---------- Extracted records ----------

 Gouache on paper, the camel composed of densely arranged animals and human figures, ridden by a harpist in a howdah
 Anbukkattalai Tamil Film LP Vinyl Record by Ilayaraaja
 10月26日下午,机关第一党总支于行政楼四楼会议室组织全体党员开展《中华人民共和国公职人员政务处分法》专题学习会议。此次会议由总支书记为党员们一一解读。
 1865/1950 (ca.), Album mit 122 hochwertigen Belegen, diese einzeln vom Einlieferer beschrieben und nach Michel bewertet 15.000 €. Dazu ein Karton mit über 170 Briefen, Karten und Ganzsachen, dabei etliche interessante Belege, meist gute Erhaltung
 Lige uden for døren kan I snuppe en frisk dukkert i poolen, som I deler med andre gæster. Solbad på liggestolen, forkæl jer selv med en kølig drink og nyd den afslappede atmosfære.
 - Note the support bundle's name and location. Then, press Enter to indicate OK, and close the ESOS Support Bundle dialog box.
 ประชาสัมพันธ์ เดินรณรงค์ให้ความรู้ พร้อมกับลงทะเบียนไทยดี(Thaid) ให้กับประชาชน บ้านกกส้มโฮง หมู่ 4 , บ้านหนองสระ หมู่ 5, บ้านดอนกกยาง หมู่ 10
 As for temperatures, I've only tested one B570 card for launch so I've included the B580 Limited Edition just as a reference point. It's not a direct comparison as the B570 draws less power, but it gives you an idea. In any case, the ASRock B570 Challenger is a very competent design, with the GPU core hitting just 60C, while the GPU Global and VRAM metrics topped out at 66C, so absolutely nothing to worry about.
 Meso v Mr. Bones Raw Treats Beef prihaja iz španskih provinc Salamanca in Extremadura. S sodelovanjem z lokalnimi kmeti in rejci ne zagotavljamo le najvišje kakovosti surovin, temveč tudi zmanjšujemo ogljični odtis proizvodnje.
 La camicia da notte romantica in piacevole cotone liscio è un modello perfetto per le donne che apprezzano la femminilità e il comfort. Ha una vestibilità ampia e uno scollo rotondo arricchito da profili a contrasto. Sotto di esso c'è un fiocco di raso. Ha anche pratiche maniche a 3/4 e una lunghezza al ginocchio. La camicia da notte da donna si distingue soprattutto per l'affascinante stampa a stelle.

----------

__What you have to do__.
Please give an exact copy of the lines above, beginning with the line containing "Lige uden for" and running through the line containing "Meso v Mr. Bones", and of no other lines.

__Task result__.
 Lige uden for døren kan I snuppe en frisk dukkert i poolen, som I deler med andre gæster. Solbad på liggestolen, forkæl jer selv med en kølig drink og nyd den afslappede atmosfære.
 - Note the support bundle's name and location. Then, press Enter to indicate OK, and close the ESOS Support Bundle dialog box.
 ประชาสัมพันธ์ เดินรณรงค์ให้ความรู้ พร้อมกับลงทะเบียนไทยดี(Thaid) ให้กับประชาชน บ้านกกส้มโฮง หมู่ 4 , บ้านหนองสระ หมู่ 5, บ้านดอนกกยาง หมู่ 10
 As for temperatures, I've only tested one B570 card for launch so I've included the B580 Limited Edition just as a reference point. It's not a direct comparison as the B570 draws less power, but it gives you an idea. In any case, the ASRock B570 Challenger is a very competent design, with the GPU core hitting just 60C, while the GPU Global and VRAM metrics topped out at 66C, so absolutely nothing to worry about.
 Meso v Mr. Bones Raw Treats Beef prihaja iz španskih provinc Salamanca in Extremadura. S sodelovanjem z lokalnimi kmeti in rejci ne zagotavljamo le najvišje kakovosti surovin, temveč tudi zmanjšujemo ogljični odtis proizvodnje.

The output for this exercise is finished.